-- Opening Marker --

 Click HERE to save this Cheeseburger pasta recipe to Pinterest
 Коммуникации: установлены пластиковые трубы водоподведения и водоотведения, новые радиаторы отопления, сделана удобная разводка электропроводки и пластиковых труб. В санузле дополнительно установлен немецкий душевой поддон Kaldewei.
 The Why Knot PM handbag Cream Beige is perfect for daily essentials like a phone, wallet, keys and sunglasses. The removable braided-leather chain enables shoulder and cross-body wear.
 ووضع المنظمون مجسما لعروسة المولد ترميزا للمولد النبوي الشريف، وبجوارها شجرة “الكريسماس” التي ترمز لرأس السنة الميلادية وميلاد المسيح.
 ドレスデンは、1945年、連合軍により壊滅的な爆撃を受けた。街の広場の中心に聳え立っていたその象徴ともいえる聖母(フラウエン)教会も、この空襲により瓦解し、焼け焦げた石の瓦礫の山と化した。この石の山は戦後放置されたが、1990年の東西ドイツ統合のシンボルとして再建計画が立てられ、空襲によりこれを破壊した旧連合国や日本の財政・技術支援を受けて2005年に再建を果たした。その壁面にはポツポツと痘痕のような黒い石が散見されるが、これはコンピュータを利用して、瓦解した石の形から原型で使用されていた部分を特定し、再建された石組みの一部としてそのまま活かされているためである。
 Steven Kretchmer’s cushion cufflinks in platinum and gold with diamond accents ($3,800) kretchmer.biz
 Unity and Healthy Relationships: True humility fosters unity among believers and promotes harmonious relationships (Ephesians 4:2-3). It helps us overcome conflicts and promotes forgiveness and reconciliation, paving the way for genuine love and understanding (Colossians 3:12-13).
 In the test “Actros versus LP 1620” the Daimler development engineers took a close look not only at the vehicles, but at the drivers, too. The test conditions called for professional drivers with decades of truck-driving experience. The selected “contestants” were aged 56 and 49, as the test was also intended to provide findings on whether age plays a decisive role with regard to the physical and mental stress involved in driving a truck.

-- Closing Marker --
-- Opening Marker --

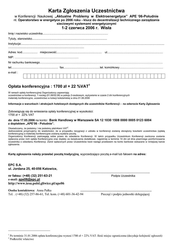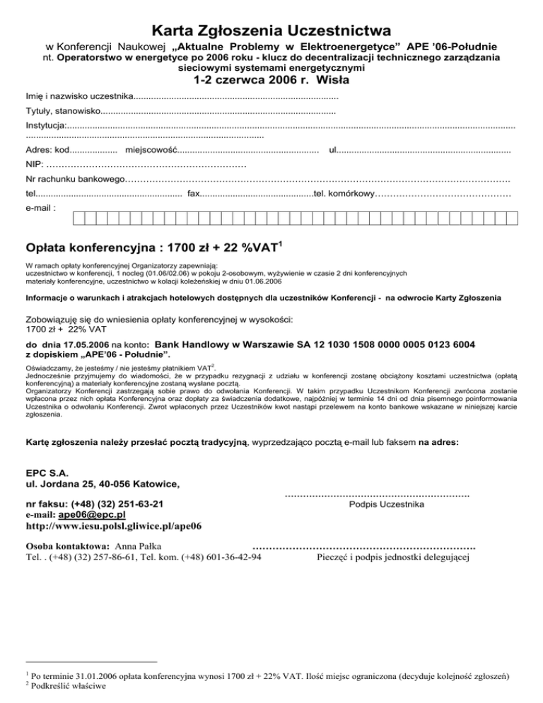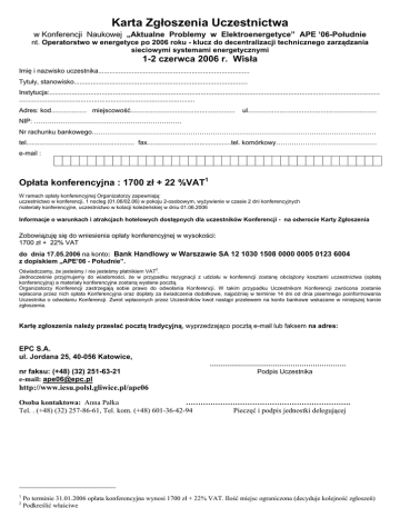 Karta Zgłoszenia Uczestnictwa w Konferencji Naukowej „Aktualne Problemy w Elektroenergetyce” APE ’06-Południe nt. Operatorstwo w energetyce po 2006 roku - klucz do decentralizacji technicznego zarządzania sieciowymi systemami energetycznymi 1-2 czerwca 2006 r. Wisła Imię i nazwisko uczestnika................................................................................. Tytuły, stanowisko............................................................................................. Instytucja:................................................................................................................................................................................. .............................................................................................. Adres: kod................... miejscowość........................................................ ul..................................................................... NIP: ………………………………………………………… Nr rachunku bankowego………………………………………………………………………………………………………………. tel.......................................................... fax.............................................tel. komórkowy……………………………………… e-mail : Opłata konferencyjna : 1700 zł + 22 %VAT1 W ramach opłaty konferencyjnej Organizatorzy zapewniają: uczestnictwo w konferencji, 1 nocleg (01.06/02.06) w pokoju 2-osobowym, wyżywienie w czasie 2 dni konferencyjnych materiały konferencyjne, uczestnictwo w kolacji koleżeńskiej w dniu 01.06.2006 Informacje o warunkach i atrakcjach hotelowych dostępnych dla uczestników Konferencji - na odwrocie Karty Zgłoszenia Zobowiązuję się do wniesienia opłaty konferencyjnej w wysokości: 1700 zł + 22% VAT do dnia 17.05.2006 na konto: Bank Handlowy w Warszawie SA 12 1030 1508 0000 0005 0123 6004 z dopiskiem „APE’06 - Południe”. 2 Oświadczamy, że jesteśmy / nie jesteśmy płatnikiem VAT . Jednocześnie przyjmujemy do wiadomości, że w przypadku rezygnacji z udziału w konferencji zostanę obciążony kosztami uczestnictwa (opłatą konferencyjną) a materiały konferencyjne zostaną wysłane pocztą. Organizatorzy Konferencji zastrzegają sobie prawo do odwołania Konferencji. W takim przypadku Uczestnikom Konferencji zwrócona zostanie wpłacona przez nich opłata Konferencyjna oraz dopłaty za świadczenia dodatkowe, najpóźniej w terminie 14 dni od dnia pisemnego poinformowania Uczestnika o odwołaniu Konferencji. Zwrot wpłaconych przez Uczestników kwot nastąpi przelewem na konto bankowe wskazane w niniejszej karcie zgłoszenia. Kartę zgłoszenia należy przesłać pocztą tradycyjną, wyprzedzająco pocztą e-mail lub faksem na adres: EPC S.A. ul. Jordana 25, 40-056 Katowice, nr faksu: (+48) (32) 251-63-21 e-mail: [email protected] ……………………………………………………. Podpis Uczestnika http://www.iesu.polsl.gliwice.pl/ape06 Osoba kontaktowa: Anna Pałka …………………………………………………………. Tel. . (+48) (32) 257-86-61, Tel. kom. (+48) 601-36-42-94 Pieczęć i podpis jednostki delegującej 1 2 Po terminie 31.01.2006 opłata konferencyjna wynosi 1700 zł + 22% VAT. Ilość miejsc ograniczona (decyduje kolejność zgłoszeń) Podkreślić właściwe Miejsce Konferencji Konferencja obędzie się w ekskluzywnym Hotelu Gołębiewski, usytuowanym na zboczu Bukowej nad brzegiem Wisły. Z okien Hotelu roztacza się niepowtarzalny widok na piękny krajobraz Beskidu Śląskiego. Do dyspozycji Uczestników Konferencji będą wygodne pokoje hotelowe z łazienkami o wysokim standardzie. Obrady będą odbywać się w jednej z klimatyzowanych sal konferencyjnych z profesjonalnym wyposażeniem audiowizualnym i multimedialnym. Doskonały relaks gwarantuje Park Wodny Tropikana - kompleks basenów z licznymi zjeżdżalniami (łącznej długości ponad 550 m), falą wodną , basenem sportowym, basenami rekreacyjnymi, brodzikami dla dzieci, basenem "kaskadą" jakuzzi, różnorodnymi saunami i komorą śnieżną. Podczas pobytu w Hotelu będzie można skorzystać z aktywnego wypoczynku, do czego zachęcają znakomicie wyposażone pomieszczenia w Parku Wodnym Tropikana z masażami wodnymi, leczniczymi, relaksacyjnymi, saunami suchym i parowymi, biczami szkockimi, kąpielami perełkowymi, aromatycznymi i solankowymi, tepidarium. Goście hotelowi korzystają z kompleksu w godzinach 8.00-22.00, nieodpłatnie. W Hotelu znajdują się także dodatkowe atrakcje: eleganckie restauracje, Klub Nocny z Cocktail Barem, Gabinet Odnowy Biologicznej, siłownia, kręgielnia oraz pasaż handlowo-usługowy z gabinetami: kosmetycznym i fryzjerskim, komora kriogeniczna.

-- Closing Marker --

ABOUT THIS EXERCISE — All that should be written out is the stretch of lines above between the one holding "The Why Knot" and the one holding "In the test", inclusive, exactly as given.

WRITTEN ANSWER —
 The Why Knot PM handbag Cream Beige is perfect for daily essentials like a phone, wallet, keys and sunglasses. The removable braided-leather chain enables shoulder and cross-body wear.
 ووضع المنظمون مجسما لعروسة المولد ترميزا للمولد النبوي الشريف، وبجوارها شجرة “الكريسماس” التي ترمز لرأس السنة الميلادية وميلاد المسيح.
 ドレスデンは、1945年、連合軍により壊滅的な爆撃を受けた。街の広場の中心に聳え立っていたその象徴ともいえる聖母(フラウエン)教会も、この空襲により瓦解し、焼け焦げた石の瓦礫の山と化した。この石の山は戦後放置されたが、1990年の東西ドイツ統合のシンボルとして再建計画が立てられ、空襲によりこれを破壊した旧連合国や日本の財政・技術支援を受けて2005年に再建を果たした。その壁面にはポツポツと痘痕のような黒い石が散見されるが、これはコンピュータを利用して、瓦解した石の形から原型で使用されていた部分を特定し、再建された石組みの一部としてそのまま活かされているためである。
 Steven Kretchmer’s cushion cufflinks in platinum and gold with diamond accents ($3,800) kretchmer.biz
 Unity and Healthy Relationships: True humility fosters unity among believers and promotes harmonious relationships (Ephesians 4:2-3). It helps us overcome conflicts and promotes forgiveness and reconciliation, paving the way for genuine love and understanding (Colossians 3:12-13).
 In the test “Actros versus LP 1620” the Daimler development engineers took a close look not only at the vehicles, but at the drivers, too. The test conditions called for professional drivers with decades of truck-driving experience. The selected “contestants” were aged 56 and 49, as the test was also intended to provide findings on whether age plays a decisive role with regard to the physical and mental stress involved in driving a truck.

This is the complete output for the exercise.